#### Data for this exercise ####
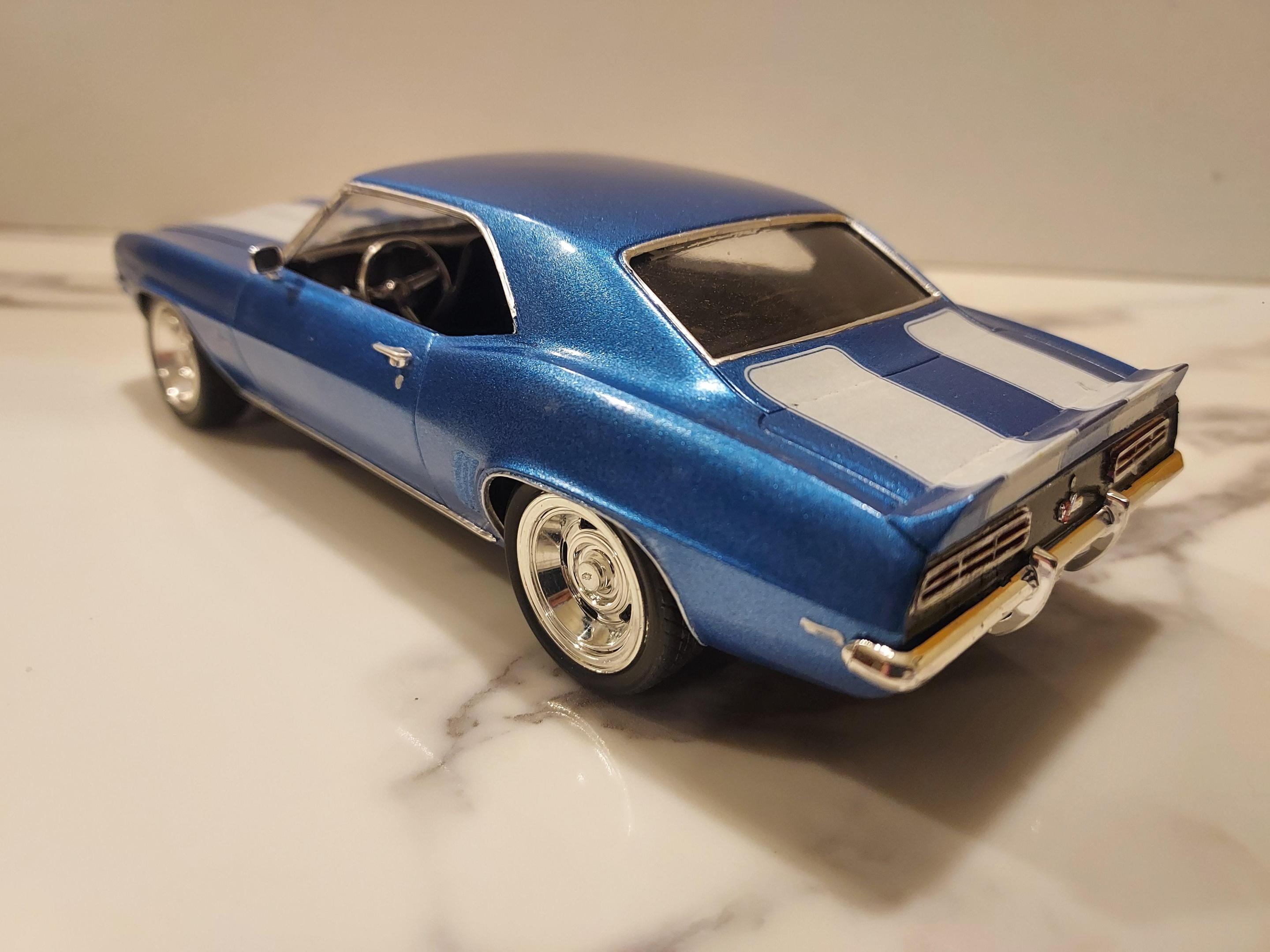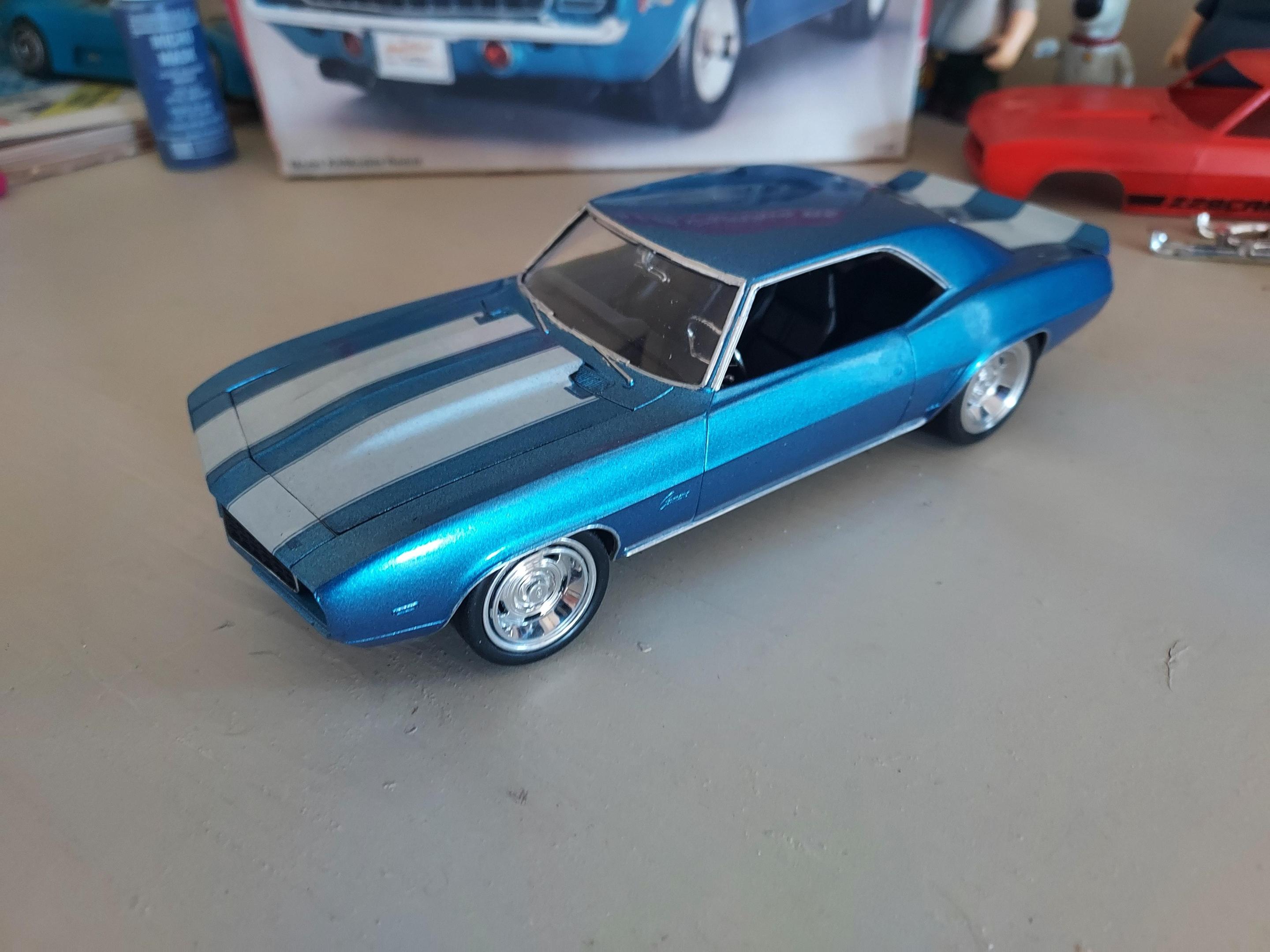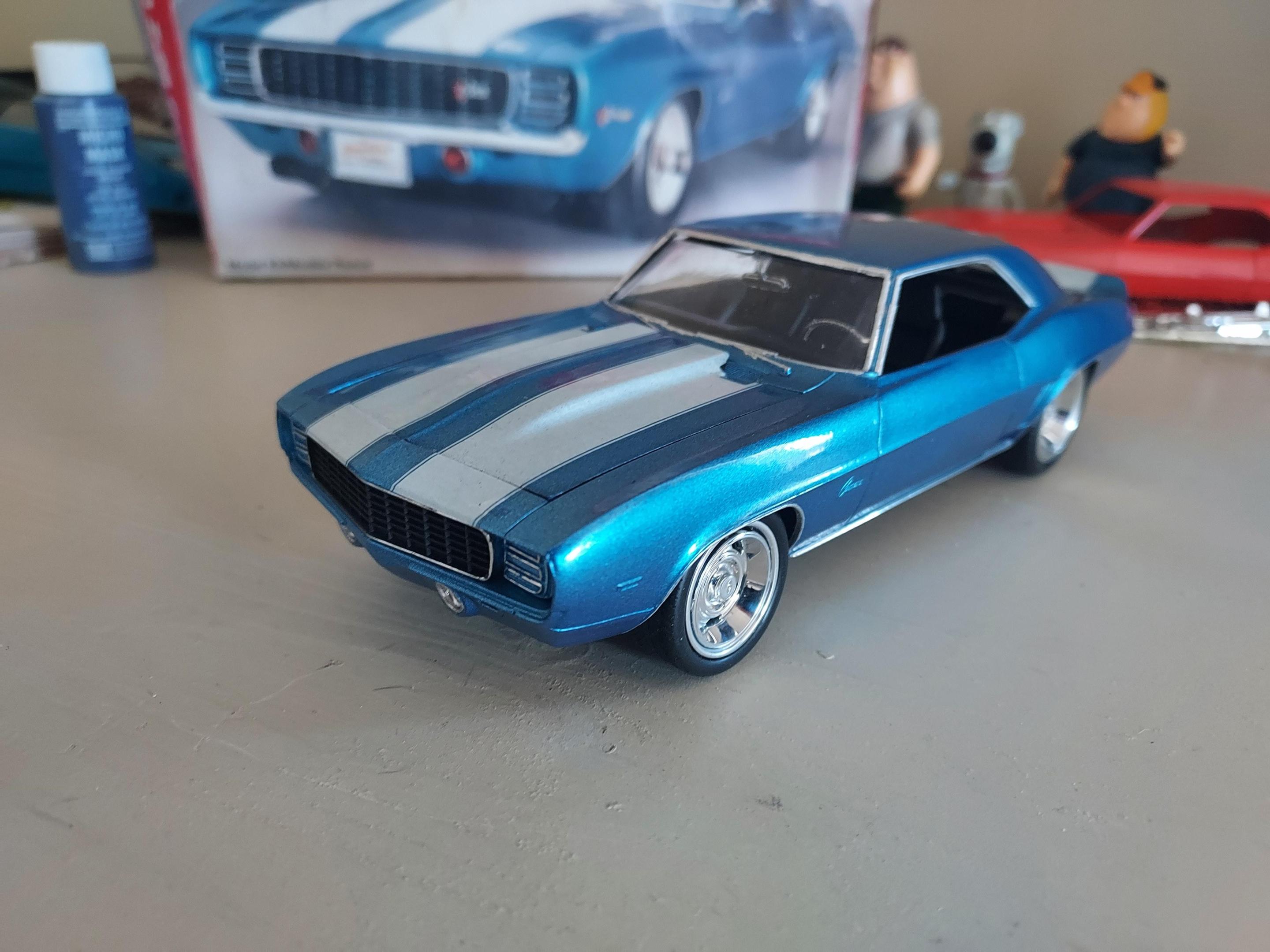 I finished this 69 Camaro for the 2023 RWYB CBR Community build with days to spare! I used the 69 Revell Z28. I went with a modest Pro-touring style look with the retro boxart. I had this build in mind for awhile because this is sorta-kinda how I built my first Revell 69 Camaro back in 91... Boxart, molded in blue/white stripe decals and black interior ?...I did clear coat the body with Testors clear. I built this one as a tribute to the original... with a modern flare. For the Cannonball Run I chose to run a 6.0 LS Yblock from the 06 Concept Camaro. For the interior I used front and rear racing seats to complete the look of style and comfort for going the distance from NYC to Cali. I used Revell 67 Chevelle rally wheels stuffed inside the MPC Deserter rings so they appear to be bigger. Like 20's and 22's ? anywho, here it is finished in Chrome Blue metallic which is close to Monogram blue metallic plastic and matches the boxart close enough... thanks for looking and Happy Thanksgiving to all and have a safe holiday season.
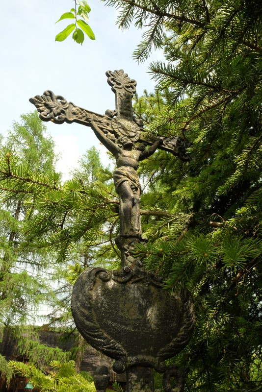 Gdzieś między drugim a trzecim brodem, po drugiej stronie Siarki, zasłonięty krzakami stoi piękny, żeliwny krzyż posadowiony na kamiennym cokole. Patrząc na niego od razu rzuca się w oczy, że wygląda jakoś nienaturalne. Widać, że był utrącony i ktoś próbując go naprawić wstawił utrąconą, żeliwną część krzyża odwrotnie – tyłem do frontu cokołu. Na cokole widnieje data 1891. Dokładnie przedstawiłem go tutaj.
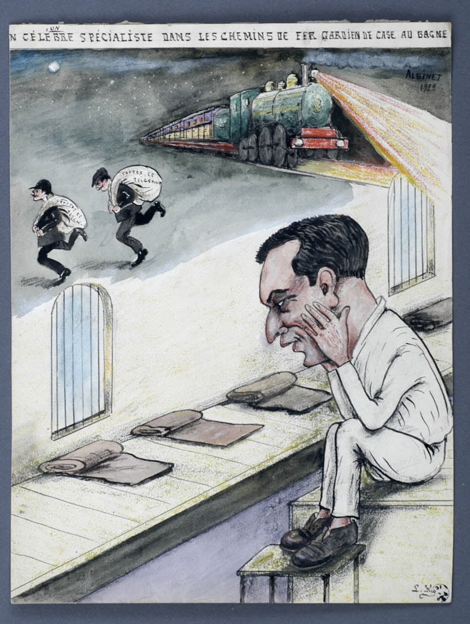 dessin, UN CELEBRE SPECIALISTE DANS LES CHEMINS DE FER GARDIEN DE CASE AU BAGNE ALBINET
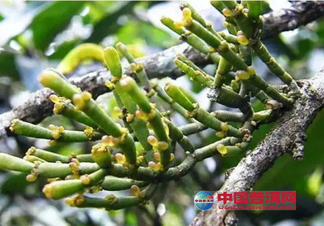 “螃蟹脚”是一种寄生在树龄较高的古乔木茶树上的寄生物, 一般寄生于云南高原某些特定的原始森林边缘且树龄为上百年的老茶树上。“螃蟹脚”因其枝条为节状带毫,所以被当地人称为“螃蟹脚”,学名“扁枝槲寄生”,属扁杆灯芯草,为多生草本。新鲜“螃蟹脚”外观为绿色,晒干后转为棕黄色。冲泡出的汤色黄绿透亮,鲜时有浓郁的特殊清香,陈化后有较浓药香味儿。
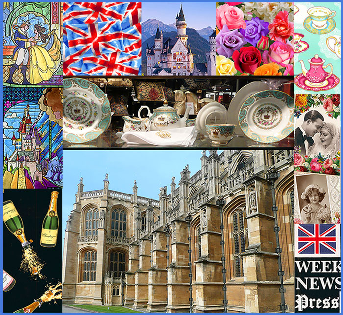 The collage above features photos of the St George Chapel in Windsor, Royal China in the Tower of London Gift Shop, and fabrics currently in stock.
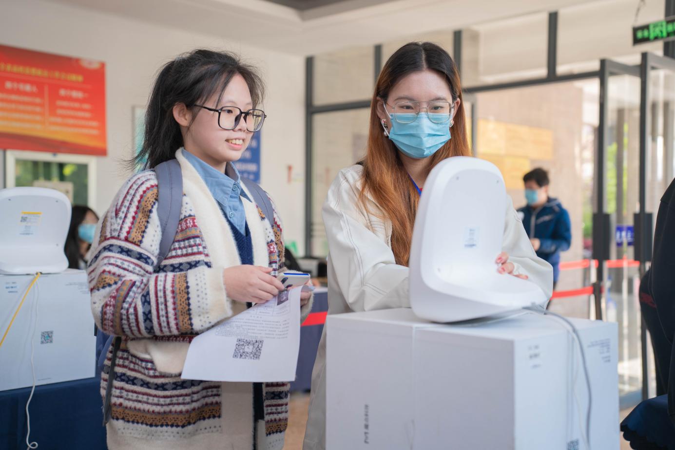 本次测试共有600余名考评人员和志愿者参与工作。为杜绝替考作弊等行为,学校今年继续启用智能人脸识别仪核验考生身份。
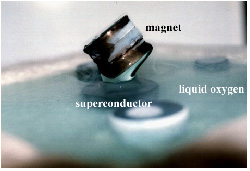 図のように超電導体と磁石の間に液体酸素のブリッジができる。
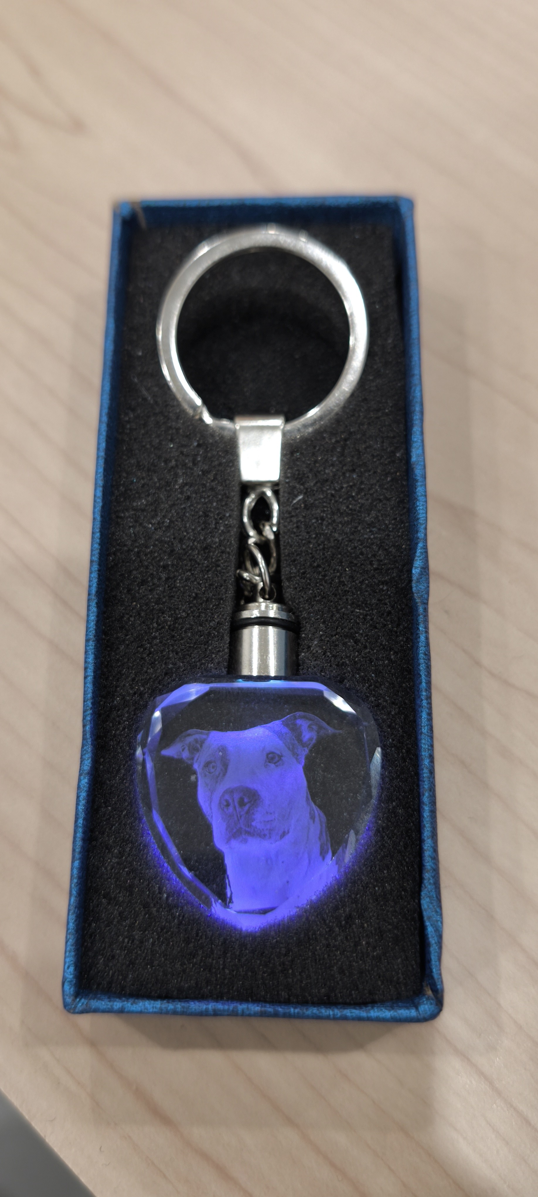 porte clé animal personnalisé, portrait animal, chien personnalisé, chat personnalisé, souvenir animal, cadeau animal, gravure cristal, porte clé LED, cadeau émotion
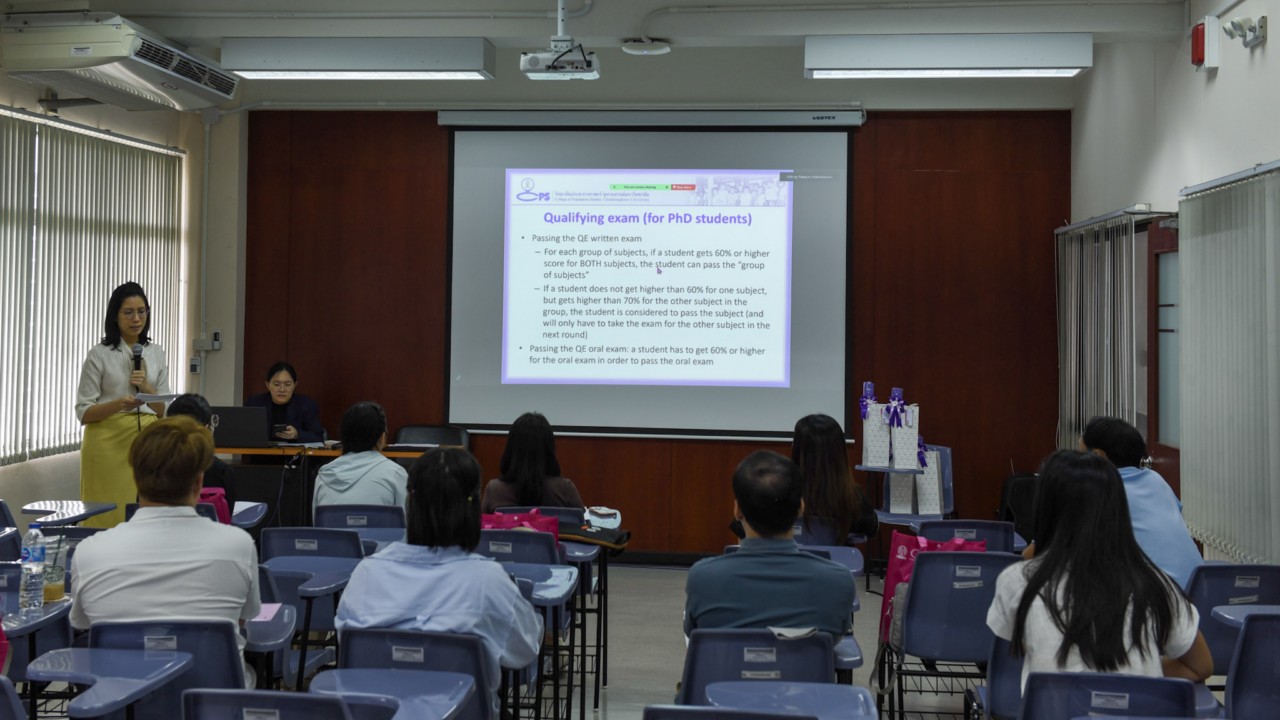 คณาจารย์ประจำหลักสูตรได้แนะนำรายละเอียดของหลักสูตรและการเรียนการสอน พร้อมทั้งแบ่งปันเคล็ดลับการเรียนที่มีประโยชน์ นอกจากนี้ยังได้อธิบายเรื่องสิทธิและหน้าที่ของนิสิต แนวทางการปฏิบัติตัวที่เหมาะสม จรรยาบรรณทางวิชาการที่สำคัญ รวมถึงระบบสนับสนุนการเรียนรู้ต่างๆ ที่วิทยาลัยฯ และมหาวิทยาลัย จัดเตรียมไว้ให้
####
▸ Exercise requirements
Every record, word for word, should be given back without its pictures.

▸ Exercise result
 I finished this 69 Camaro for the 2023 RWYB CBR Community build with days to spare! I used the 69 Revell Z28. I went with a modest Pro-touring style look with the retro boxart. I had this build in mind for awhile because this is sorta-kinda how I built my first Revell 69 Camaro back in 91... Boxart, molded in blue/white stripe decals and black interior ?...I did clear coat the body with Testors clear. I built this one as a tribute to the original... with a modern flare. For the Cannonball Run I chose to run a 6.0 LS Yblock from the 06 Concept Camaro. For the interior I used front and rear racing seats to complete the look of style and comfort for going the distance from NYC to Cali. I used Revell 67 Chevelle rally wheels stuffed inside the MPC Deserter rings so they appear to be bigger. Like 20's and 22's ? anywho, here it is finished in Chrome Blue metallic which is close to Monogram blue metallic plastic and matches the boxart close enough... thanks for looking and Happy Thanksgiving to all and have a safe holiday season.
 Gdzieś między drugim a trzecim brodem, po drugiej stronie Siarki, zasłonięty krzakami stoi piękny, żeliwny krzyż posadowiony na kamiennym cokole. Patrząc na niego od razu rzuca się w oczy, że wygląda jakoś nienaturalne. Widać, że był utrącony i ktoś próbując go naprawić wstawił utrąconą, żeliwną część krzyża odwrotnie – tyłem do frontu cokołu. Na cokole widnieje data 1891. Dokładnie przedstawiłem go tutaj.
 dessin, UN CELEBRE SPECIALISTE DANS LES CHEMINS DE FER GARDIEN DE CASE AU BAGNE ALBINET
 “螃蟹脚”是一种寄生在树龄较高的古乔木茶树上的寄生物, 一般寄生于云南高原某些特定的原始森林边缘且树龄为上百年的老茶树上。“螃蟹脚”因其枝条为节状带毫,所以被当地人称为“螃蟹脚”,学名“扁枝槲寄生”,属扁杆灯芯草,为多生草本。新鲜“螃蟹脚”外观为绿色,晒干后转为棕黄色。冲泡出的汤色黄绿透亮,鲜时有浓郁的特殊清香,陈化后有较浓药香味儿。
 The collage above features photos of the St George Chapel in Windsor, Royal China in the Tower of London Gift Shop, and fabrics currently in stock.
 本次测试共有600余名考评人员和志愿者参与工作。为杜绝替考作弊等行为,学校今年继续启用智能人脸识别仪核验考生身份。
 図のように超電導体と磁石の間に液体酸素のブリッジができる。
 porte clé animal personnalisé, portrait animal, chien personnalisé, chat personnalisé, souvenir animal, cadeau animal, gravure cristal, porte clé LED, cadeau émotion
 คณาจารย์ประจำหลักสูตรได้แนะนำรายละเอียดของหลักสูตรและการเรียนการสอน พร้อมทั้งแบ่งปันเคล็ดลับการเรียนที่มีประโยชน์ นอกจากนี้ยังได้อธิบายเรื่องสิทธิและหน้าที่ของนิสิต แนวทางการปฏิบัติตัวที่เหมาะสม จรรยาบรรณทางวิชาการที่สำคัญ รวมถึงระบบสนับสนุนการเรียนรู้ต่างๆ ที่วิทยาลัยฯ และมหาวิทยาลัย จัดเตรียมไว้ให้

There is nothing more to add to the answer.